The results indicate a multifactorial impact involving both genetic and environmental factors because diseases or conditions influenced by both genetic and environmental factors are described as multifactorial. Genetic variants constitute the primary risk, encompassing both immune regulatory genes and target tissue genes related to autoimmune thyroid sensitivity [26, 27]. This primary genetic risk can interact with environmental factors such as infection, diet, and iodine exposure, creating a synergistic effect that may trigger the disease [26]. While genetic predispositions lay the groundwork for potential autoimmune disorders, environmental factors often play a critical role in sparking the actual onset of the disease. Elements like stress, infections, and exposure to specific chemicals or foods can interact with our genetic vulnerabilities, triggering or worsening thyroid autoimmunity. By understanding how our genes influence these conditions, we can better predict who might be at risk, tailor treatment plans more effectively, and possibly develop ways to prevent the disease from developing in the first place. The key to genetic-environmental interactions lies in epigenetic modulation. Identifying the underlying genetic-epigenetic interactions in autoimmune thyroid conditions will pave the way for promising therapeutic targets [26,27,5]. The term "epigenetic modulation" refers to changes in gene expression that don't involve alterations to the underlying DNA sequence but are still influenced by genetic and environmental factors. This concept is critical in understanding how various external factors like diet, stress, and exposure to toxins can impact gene activity, potentially affecting health and disease states without changing the DNA itself [5].

In autoimmune and allergic conditions, significant epigenetic mechanisms in foxp3 and Tregs have been observed in studies related to nutrition. The link between nutrition, epigenetic modifications in foxp3, and the function of Tregs is a crucial area of research that has significant implications for understanding and managing autoimmune diseases. By influencing these epigenetic mechanisms, we can potentially direct immune responses in a way that prevents or mitigates autoimmune and allergic conditions [12]. For instance, during cow's milk allergy (CMA), changes in DNA methylation of Th1 and Th2 cytokine genes were observed, and after treatment with extensively hydrolyzed casein formula (EHCF) + Lactobacillus rhamnosus GG (LGG), patients who gained oral tolerance showed significant demethylation of the foxp3 TSDR gene compared to children treated with other formulas [12,26,28-30]. Enhancing the regulatory function of Tregs through dietary changes could potentially lead to better management of HT [29,30]. This approach highlights the role of nutrition in influencing genetic expression and its potential therapeutic benefits in autoimmune disorders [19,20,23].

Forkhead box transcription factor 3 (foxp3) is essential for the development and function of regulatory T cells (Tregs) and plays a role in acquiring oral tolerance. In children with IgE-mediated CMA, the acquisition of tolerance has been associated with the demethylation of foxp3's Treg-specific demethylated region (TSDR) [31, 27]. Other studies have shown that gluten can impact the microbiome, increase intestinal permeability, and influence oxidative stress, potentially affecting epigenetic mechanisms. Gluten can affect individuals with gluten sensitivity by triggering an immune response that leads to inflammation in the gut. This inflammatory response can disrupt the gut barrier, leading to increased intestinal permeability (leaky gut) [9]. In individuals sensitive to gluten, consuming it can lead to inflammation in the gut. This inflammation can interfere with the functioning of regulatory T cells (Tregs), which are crucial for controlling immune responses. The ongoing inflammation might weaken the effectiveness of foxp3, a key factor that helps Tregs work properly. When foxp3 isn't working well, Tregs can't regulate the immune system effectively, potentially leading to an overactive immune response. This not only worsens inflammation in the gut but could also impact other areas, such as the thyroid, contributing to further health issues [4,15].
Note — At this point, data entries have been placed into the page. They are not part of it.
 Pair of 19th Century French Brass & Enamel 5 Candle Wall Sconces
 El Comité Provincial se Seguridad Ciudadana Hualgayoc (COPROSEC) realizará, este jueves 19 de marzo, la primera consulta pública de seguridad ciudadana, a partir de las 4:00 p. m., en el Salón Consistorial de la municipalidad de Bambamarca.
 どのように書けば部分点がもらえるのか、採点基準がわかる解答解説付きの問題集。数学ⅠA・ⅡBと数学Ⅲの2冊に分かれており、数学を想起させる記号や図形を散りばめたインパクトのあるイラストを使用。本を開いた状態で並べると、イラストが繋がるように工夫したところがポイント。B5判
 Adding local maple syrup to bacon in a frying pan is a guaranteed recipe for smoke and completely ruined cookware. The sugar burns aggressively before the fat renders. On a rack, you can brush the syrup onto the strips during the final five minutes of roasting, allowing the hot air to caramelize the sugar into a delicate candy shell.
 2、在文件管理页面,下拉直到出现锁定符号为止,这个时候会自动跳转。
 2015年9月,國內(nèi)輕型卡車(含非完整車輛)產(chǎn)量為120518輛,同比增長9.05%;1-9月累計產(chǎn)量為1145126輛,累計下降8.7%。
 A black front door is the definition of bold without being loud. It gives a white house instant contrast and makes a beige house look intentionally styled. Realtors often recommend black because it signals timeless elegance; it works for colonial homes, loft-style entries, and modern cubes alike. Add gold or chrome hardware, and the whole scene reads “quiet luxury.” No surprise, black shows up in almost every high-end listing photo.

Our study supports these findings, demonstrating that a gluten-free diet can similarly benefit epigenetic behavior and immune function in patients with HT [9,32]. Substance P is a chemical in the body known for triggering inflammation. It activates immune cells, prompting them to release inflammatory substances called cytokines. The connection between substance P and gluten sensitivity is an area that merits further research to clarify its exact role and potential as a target for managing the symptoms and inflammatory aspects of gluten-related disorders [20-22,33].

The study underscores the significance of dietary interventions in managing autoimmune diseases through epigenetic mechanisms. By excluding casein and gluten, HT patients may experience a beneficial reduction in the methylation of the foxp3 gene, potentially enhancing immune regulation and providing a novel strategy for managing autoimmunity. While the idea of eliminating certain foods like gluten and casein from the diet is not new, applying this strategy specifically for influencing epigenetic changes, such as those affecting the foxp3 gene involved in immune regulation, presents a fresh perspective. This approach focuses on managing autoimmune diseases like HT by targeting the underlying genetic mechanisms, not just alleviating symptoms. This nuanced application could reshape how we understand and manage these conditions, making it a promising area for further exploration in medical treatment.
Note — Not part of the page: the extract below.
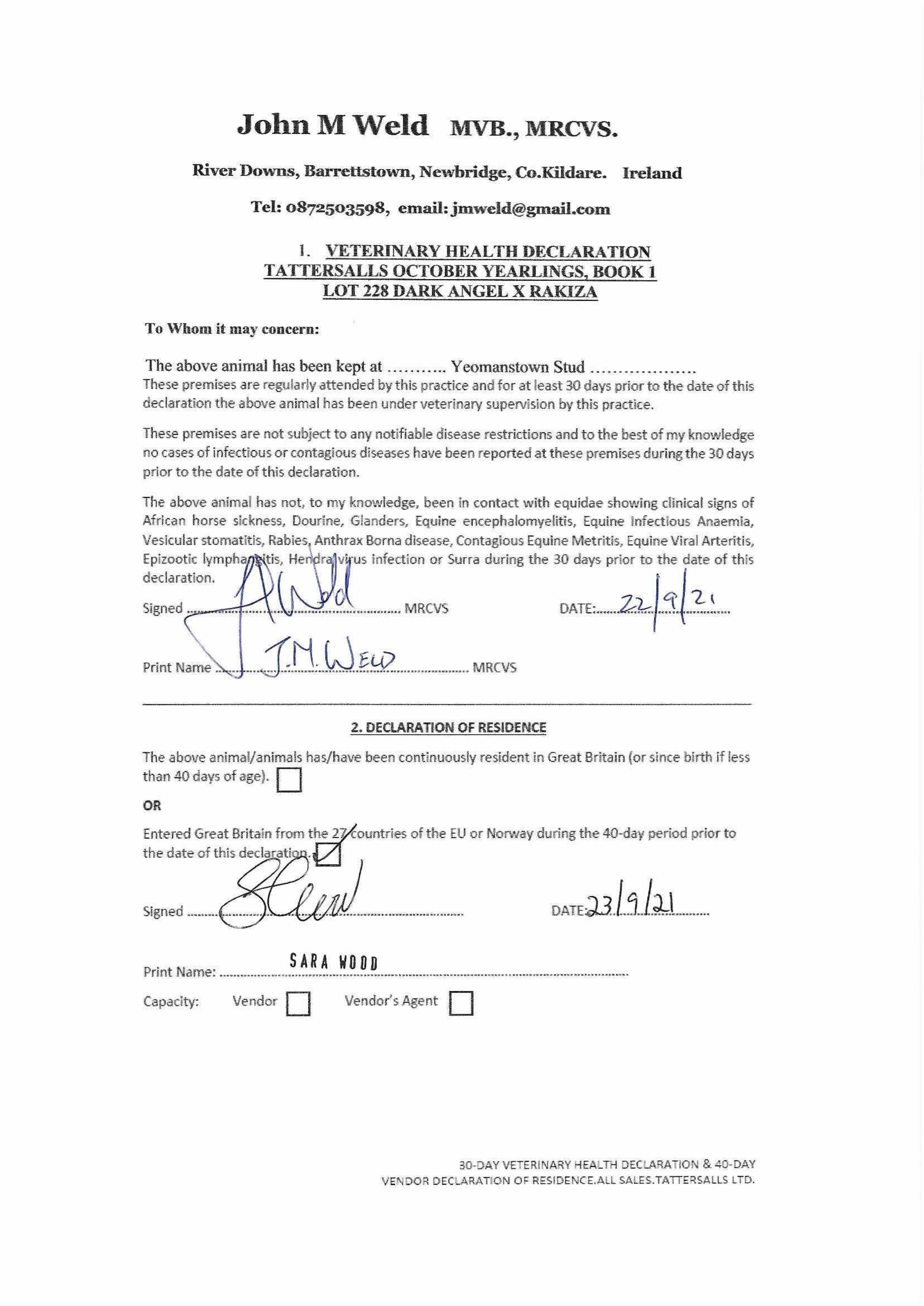 October Yearling Sale, Book 1 2011 lot 301 F. by Speightstown (USA) 2010, Castledillon Stud, Ireland (Agent)=>Vendor 60,000 gns
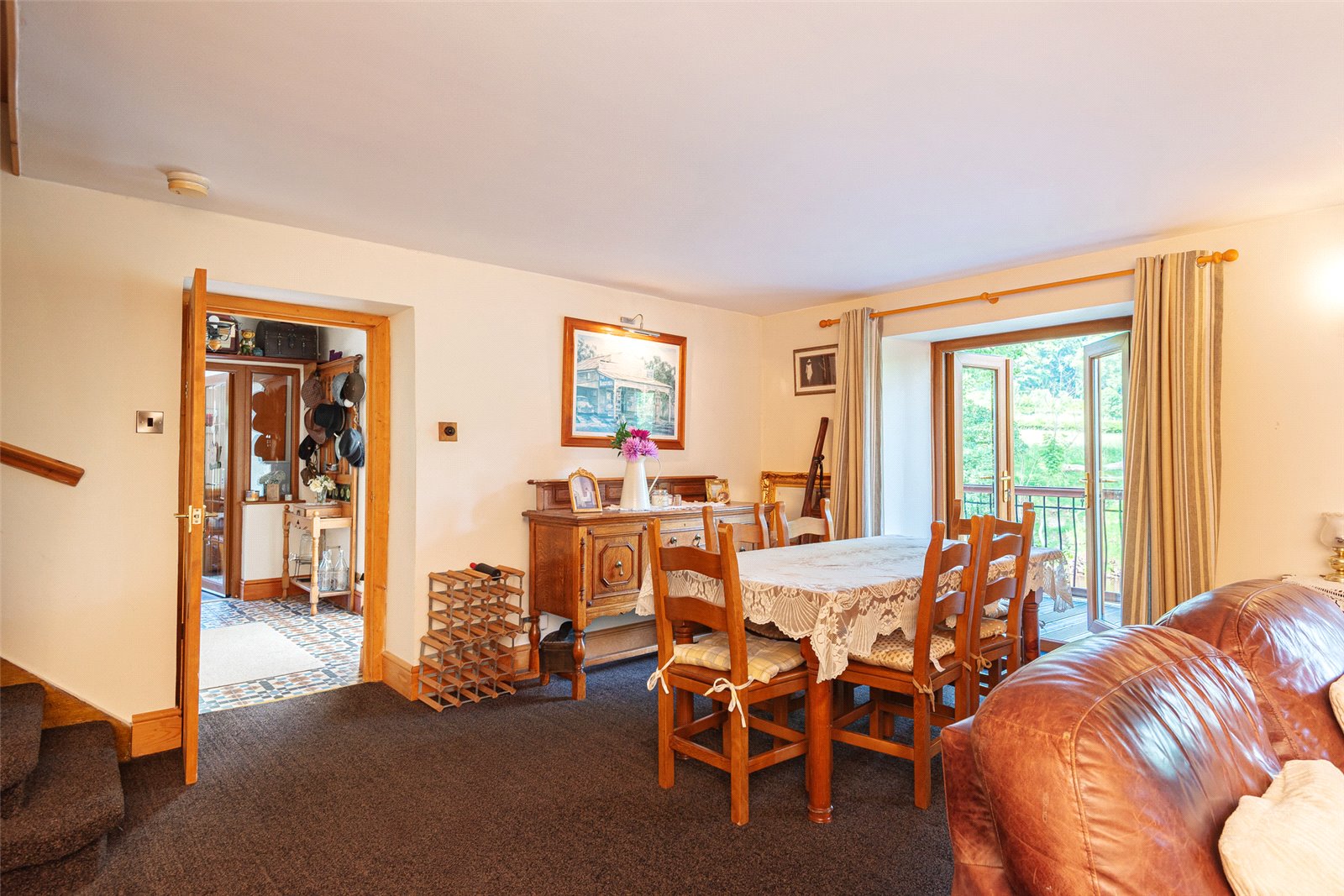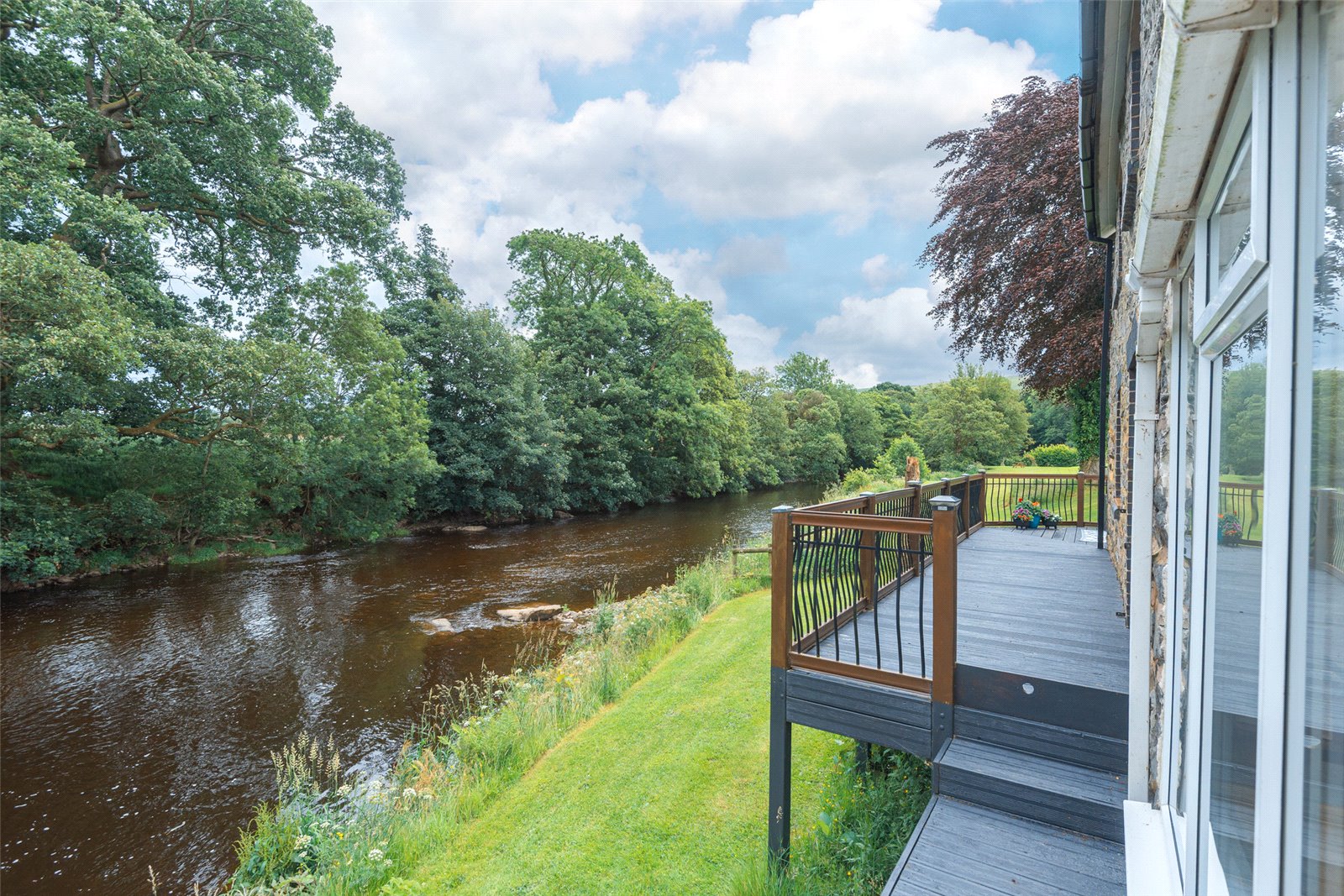 The beautifully crafted stone home offers inviting interiors filled with character, including a spacious living room with double doors opening onto a balcony overlooking the river—an ideal spot to relax and soak in the view. The heart of the home is a farmhouse-style kitchen centred around a feature Aga, while a light-filled conservatory also enjoys peaceful riverside views. Upstairs, the home offers four bedrooms and a family bathroom, providing ample space for family living or hosting guests.

Our research findings show that a diet free from casein and gluten significantly affects the methylation of the foxp3 gene in patients with HT. Specifically, a gluten-free diet excludes grains like wheat, rye, barley, and sometimes oats, which contain gluten. A casein-free diet, on the other hand, involves avoiding mammalian milk and dairy products like butter and cheese. Prior to the diet, the median methylation level was observed at 45.47%, with a mean of 45.30% and a standard deviation of 5.04%. These values indicate the central tendency and variability of methylation levels among the subjects before dietary changes. Following the diet, the median methylation level increased to 47.10%, and the mean rose to 47.33%. This increase in both the median and mean values suggests a shift towards higher methylation levels post-diet. Additionally, the standard deviation decreased to 4.14%, indicating a reduction in the variability of methylation levels among the subjects after the diet.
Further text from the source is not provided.